YOUR GOAL.
With the pictures left out, please write out exactly each line from the one containing "Некоторые пользователи также" through the end of the material.

DATA BLOCK.
※ ※ ※

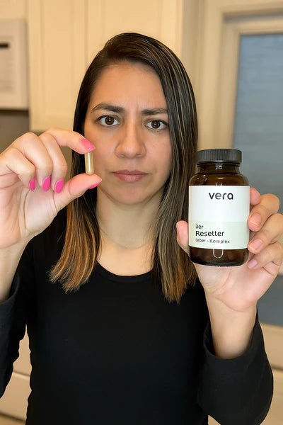 Jasmin S.verifizierter KundeIch habe VERA gekauft, weil ich mich nach meiner Schilddrüsenoperation einfach nicht mehr wohlgefühlt habe. Trotz Medikamenten war ich ständig müde, antriebslos und fror sogar im Sommer. VERA war meine letzte Hoffnung – und wurde zu meiner Rettung. Nach etwa sechs Wochen spürte ich eine deutliche Besserung: Mehr Energie, bessere Stimmung und endlich wieder normale Körpertemperatur. Sogar mein Zyklus, der völlig durcheinander war, hat sich reguliert. Ich bin überrascht, wie umfassend das Produkt wirkt und wie gut es verträglich ist. Für mich ist VERA kein „Zusatz“ mehr, sondern fester Bestandteil meines Alltags.
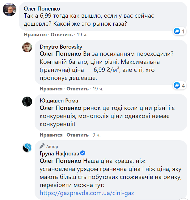 Некоторые пользователи также упрекают "Нафтогаз" в том, что на этот раз они не выполняют обещание по поводу цены на 40% ниже, чем у конкурентов.
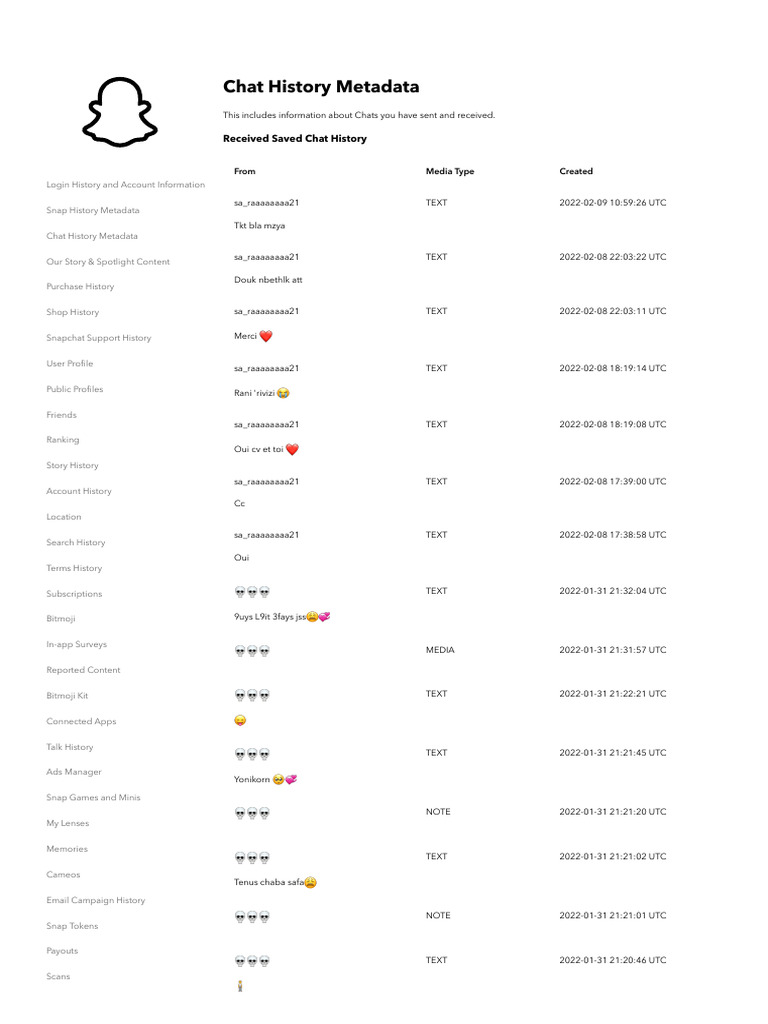 Open Chat History PDF Snapchat Mobile Software

※ ※ ※

WRITTEN ANSWER.
 Некоторые пользователи также упрекают "Нафтогаз" в том, что на этот раз они не выполняют обещание по поводу цены на 40% ниже, чем у конкурентов.
 Open Chat History PDF Snapchat Mobile Software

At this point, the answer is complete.